Power Query in Excel is similar to Power Query in Power BI.
What can Power Query do?
With Power Query, you can:
- Split columns based on delimiters such as commas, spaces or dashes.
- Apply transformations to text such as removing leading and trailing spaces and changing case.
- Change data types.
- Convert invalid dates to valid dates.
- Remove columns, rows or blanks without affecting the original data set.
- Sort and filter columns.
- Merge columns.
- Create calculated columns including conditional columns and columns by example (using Power Query's M language).
- Summarize or aggregate data.
- Unpivot (flip) data (to use with pivot tables).
- Save steps so you can reuse a query as an alternative to using VBA (Visual Basic for Applications) code to automate steps.
Where is Power Query?
In 2016 and later versions, Power Query has been fully integrated into Excel.

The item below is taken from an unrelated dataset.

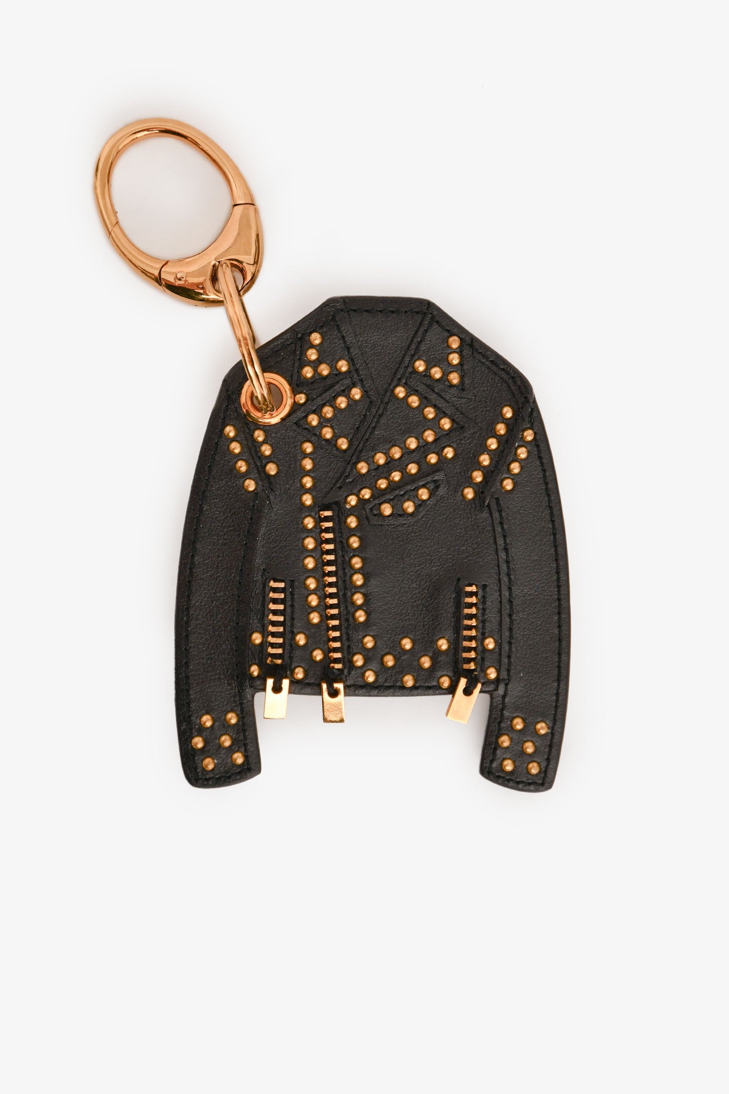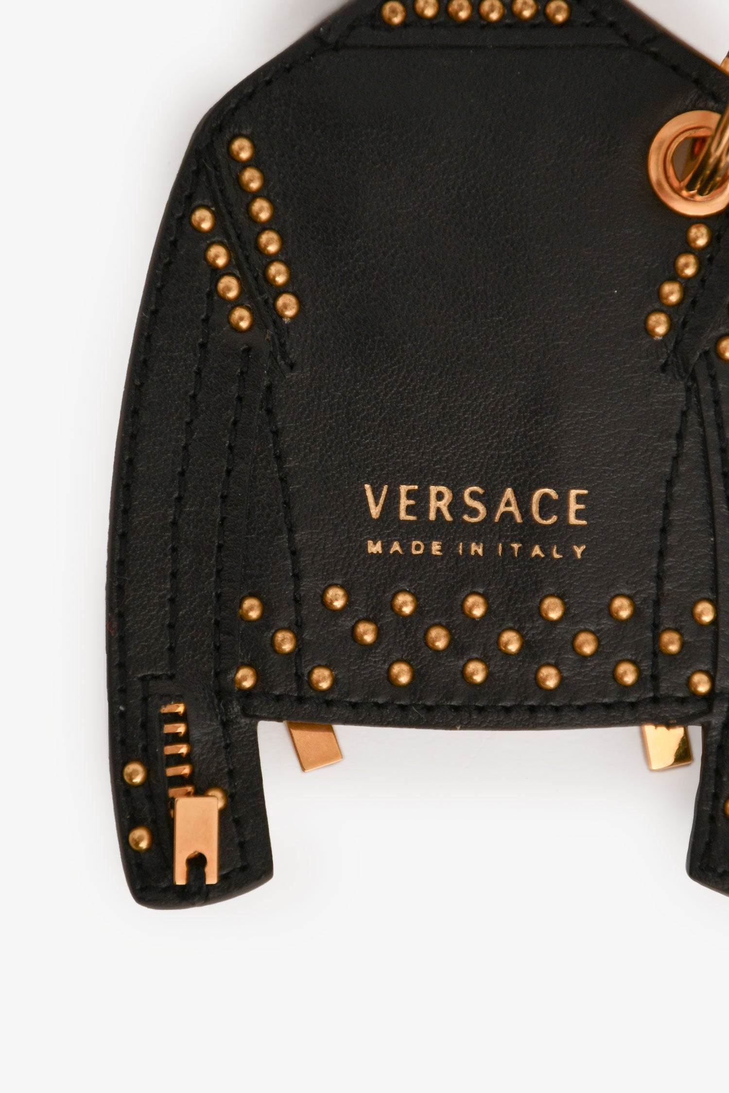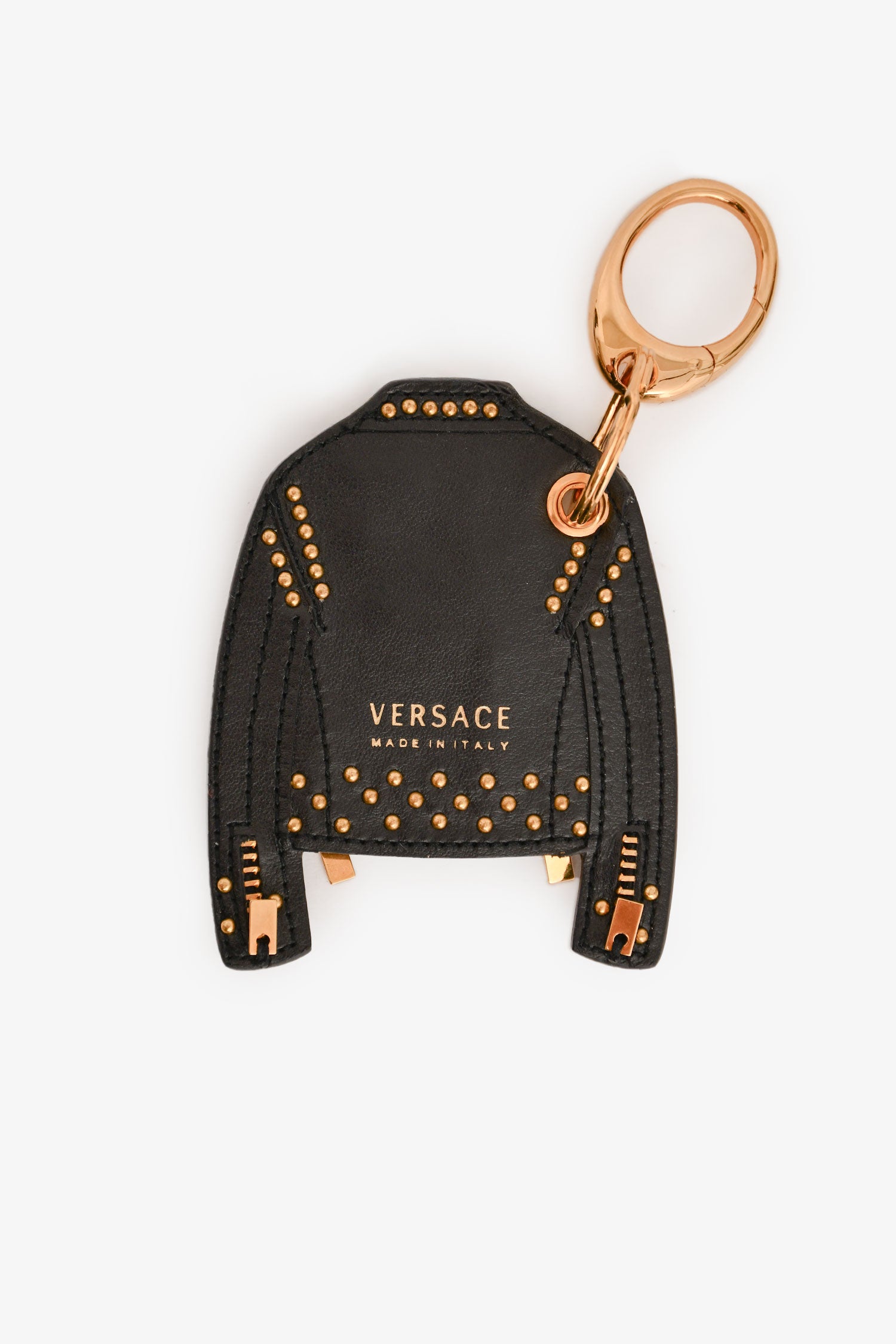 Refresh availabilityVersace Black/ Gold Studded Leather Jacket Keychain. Gold-tone stud embellishments. Zip and snap button accents. Lobster clasp. Tonal stitching.

You access the Power Query Editor through the Data tab in the Ribbon in the Get & Transform group. Power Query has its own Ribbon with different tabs and commands compared to the Excel Ribbon.
Power Query options to import data appear on the Data tab in the Ribbon as follows:
Import data using Power Query
It's easy to import data using Power Query. Excel provides many types of data connections that are accessible through the Get Data drop-down menu in the Data tab in the Ribbon.
With Power Query, you can:
- Get data from a table in the current workbook.
- Get data from a single file such as an Excel workbook, text or CSV file, XML and JSON files.
- Get data from multiple files in a folder.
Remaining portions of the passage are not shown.